What is being asked:
Your job is to give again, exactly and with no additions, the lines in the records below from the one with "Fig 1. Images" through the one with "Hot off the", both included. Omit the pictures.

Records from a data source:

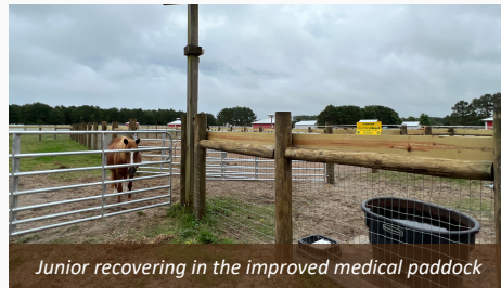
Junior recovering in the improved medical paddock
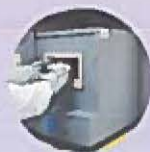
Calcination content detection
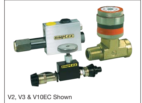
V2, V3 & V10EC Shown
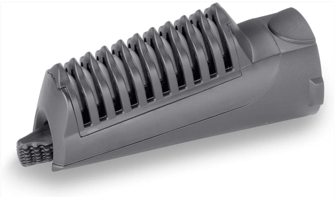
Image: The straightening attachment, designed with comb-like teeth to smooth and straighten hair.

For sleek, straight styles, attach the straightening nozzle. Take small sections of hair and slowly glide the attachment from roots to ends. The airflow and comb-like design help to smooth the hair cuticle.
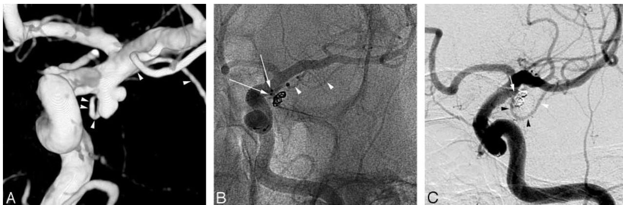
Fig 1. Images of a 63-year-old woman who presented with subarachnoid hemorrhage. A , 3D volume-rendering image in oblique projection reveals an anterior choroidal artery aneurysm with daughter sac. The anterior choroidal artery is incorporated into the aneurysm neck. B , Unsubtracted image in working-projection obtained during the procedure. The aneurysm is treated with the double-catheter technique. Note 2 radiopaque markers of the tip of the microcatheter near the aneurysm neck. C , Postembolization control angiography in working-projection reveals near complete occlusion of the aneurysm sac.

Surgical clipping was performed with a standard technique. In most cases, microvascular Doppler ultrasonography was used to identify the flow into the AchoA. Monitoring of intraoperative motor-evoked potentials (MEPs) was not used.
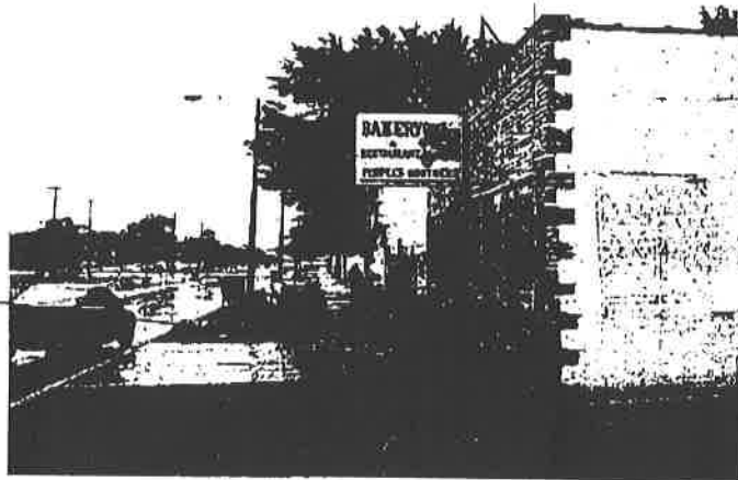
Dimensions: 2ft x 2ft x 4ft
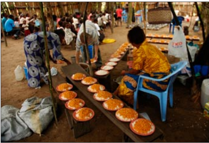
Hot off the griddle: it really tastes yummy...
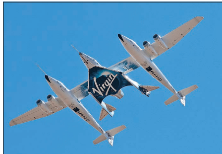
Virgin Galactic's VSS Unity departs Mojave Air & Space Port in California in February for the final time as Virgin Galactic shifts its SpaceFlight operations to New Mexico.

British billionaire and Virgin Galactic founder Sir Richard Branson says the flight and landing bring the roughly 15-year-old venture tantalizingly close to commercial flights for tourists. Virgin Galactic says those flights could begin next year.

Answer to this problem:
Fig 1. Images of a 63-year-old woman who presented with subarachnoid hemorrhage. A , 3D volume-rendering image in oblique projection reveals an anterior choroidal artery aneurysm with daughter sac. The anterior choroidal artery is incorporated into the aneurysm neck. B , Unsubtracted image in working-projection obtained during the procedure. The aneurysm is treated with the double-catheter technique. Note 2 radiopaque markers of the tip of the microcatheter near the aneurysm neck. C , Postembolization control angiography in working-projection reveals near complete occlusion of the aneurysm sac.

Surgical clipping was performed with a standard technique. In most cases, microvascular Doppler ultrasonography was used to identify the flow into the AchoA. Monitoring of intraoperative motor-evoked potentials (MEPs) was not used.
Dimensions: 2ft x 2ft x 4ft
Hot off the griddle: it really tastes yummy...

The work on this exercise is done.